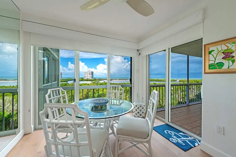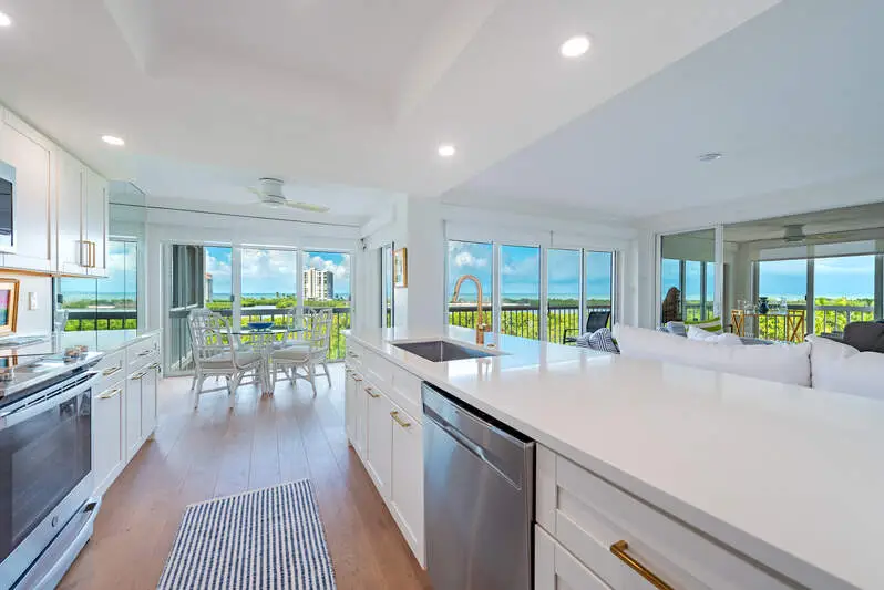 This stylishly renovated residence showcases breathtaking, panoramic GULF and BAY views, designed to maximize natural light and coastal living. Offering 2 Bedrooms + FLEX space and 2 Baths, the open floor plan features French oak flooring throughout the main living areas and a split-bedroom layout that ensures privacy for guests. St. Tropez welcomes you with its coastal-chic lobby and resort-style amenities, including two guest suites, a large pool with outdoor kitchen, social room, fitness room, and the benefit of a dedicated on-site property manager. Ideally located next to the Pelican Bay tram, you'll enjoy quick and effortless access to the BEACH. As a Pelican Bay resident, you'll experience unrivaled amenities: two beachfront restaurants/bars with attended service, a state-of-the-art fitness center, 18 Har-Tru tennis courts, kayaking, biking, a learning center, and miles of scenic nature paths. Artis-Naples, Waterside Shops, and Mercato are just minutes away!
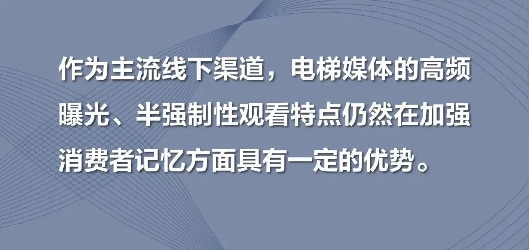 "根据益普索Ipsos《引爆记忆广告语盘点》,Top10 热门/高辨识/占据心智的广告语中,84%消费者记忆渠道源于电梯媒体,69%源于互联网媒体,50%源于电视广告。作为主流线下渠道,电梯媒体的高频曝光、半强制性观看特点,仍然在加强消费者记忆方面具有优势。"
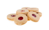 Tradycyjne Boże Narodzenie Linzer ciasteczka z słodkie jam na białym tle
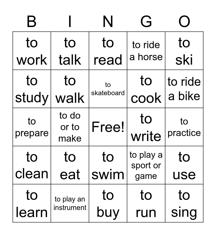 This bingo card has a free space and 24 words: to eat, to play an instrument, to skateboard, to learn, to ski, to work, to study, to talk, to write, to swim, to cook, to prepare, to play a sport or game, to use, to walk, to run, to practice, to read, to ride a bike, to do or to make, to sing, to clean, to ride a horse and to buy.
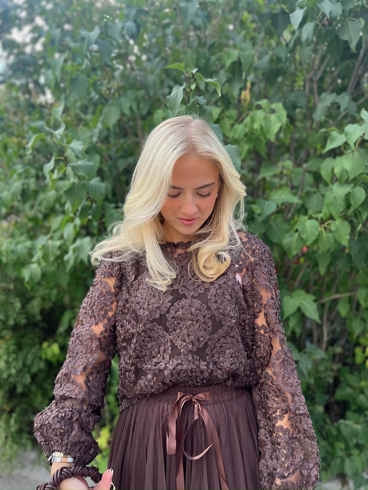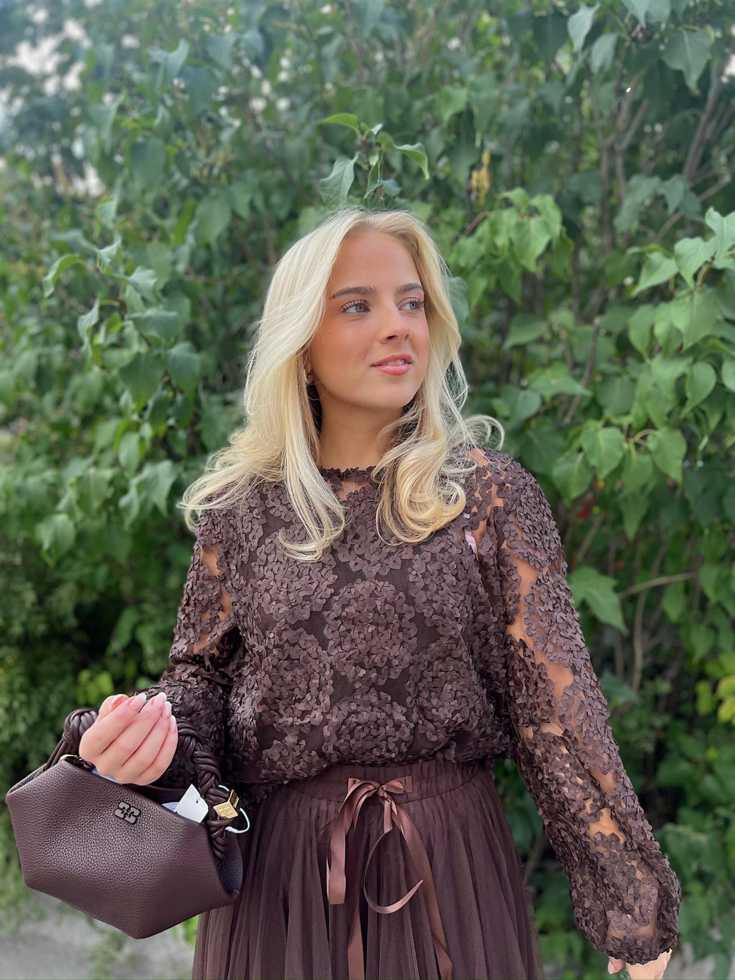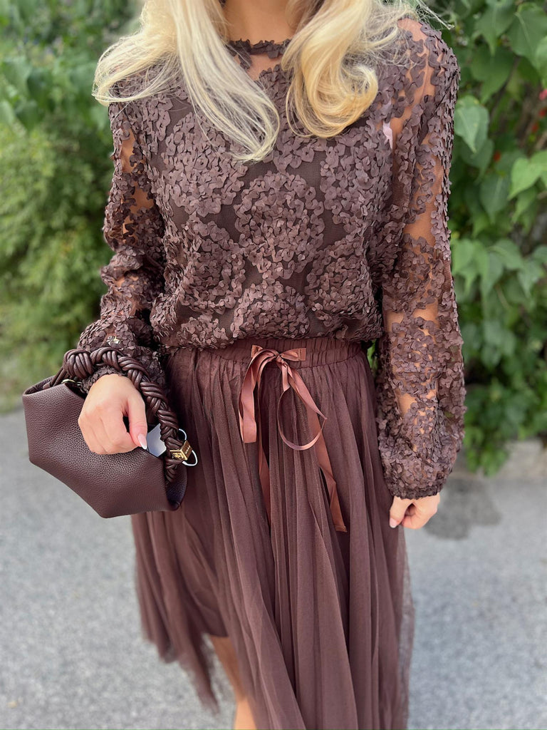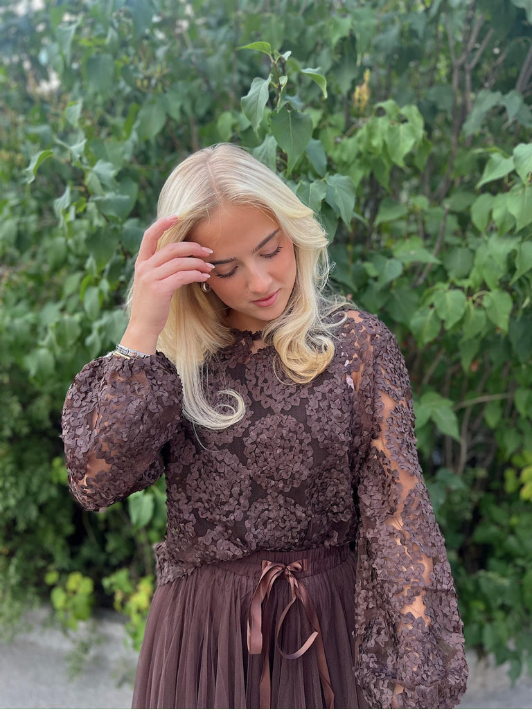 En romantisk og feminin bluse med delikate blomsterdetaljer og lett transparente ermer. Den elegante strukturen gir et eksklusivt uttrykk, samtidig som den er behagelig å ha på. Perfekt å style med skjørt for en sofistikert look, eller med bukser og jeans for en mer hverdagslig, men stilfull stil.
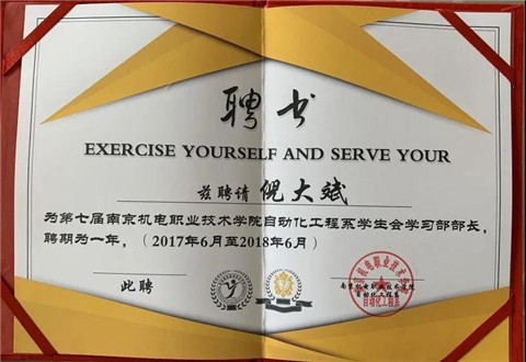 担任学习部部长的经历锻炼了我的意志,让我迅速成长。大学就是一个小社会,为人处世,与人交往这些技能是书本所不能够学到的,这就要求我与不同的人打交道。所以,我非常建议大家在不影响学业的情况下,积极主动地参加一些学生组织和社团活动。在参加学生活动的过程中,你会交到一些志同道合的朋友,可以锻炼自己的组织能力和创新思维,这个在以后的人生中将受益无穷。
──────
→ **EXERCISE BRIEF**
Return the line containing "En romantisk og" and every line after it through the end of the records above, exactly and nothing else, but not the pictures.

→ **ANSWER SECTION**
 En romantisk og feminin bluse med delikate blomsterdetaljer og lett transparente ermer. Den elegante strukturen gir et eksklusivt uttrykk, samtidig som den er behagelig å ha på. Perfekt å style med skjørt for en sofistikert look, eller med bukser og jeans for en mer hverdagslig, men stilfull stil.
 担任学习部部长的经历锻炼了我的意志,让我迅速成长。大学就是一个小社会,为人处世,与人交往这些技能是书本所不能够学到的,这就要求我与不同的人打交道。所以,我非常建议大家在不影响学业的情况下,积极主动地参加一些学生组织和社团活动。在参加学生活动的过程中,你会交到一些志同道合的朋友,可以锻炼自己的组织能力和创新思维,这个在以后的人生中将受益无穷。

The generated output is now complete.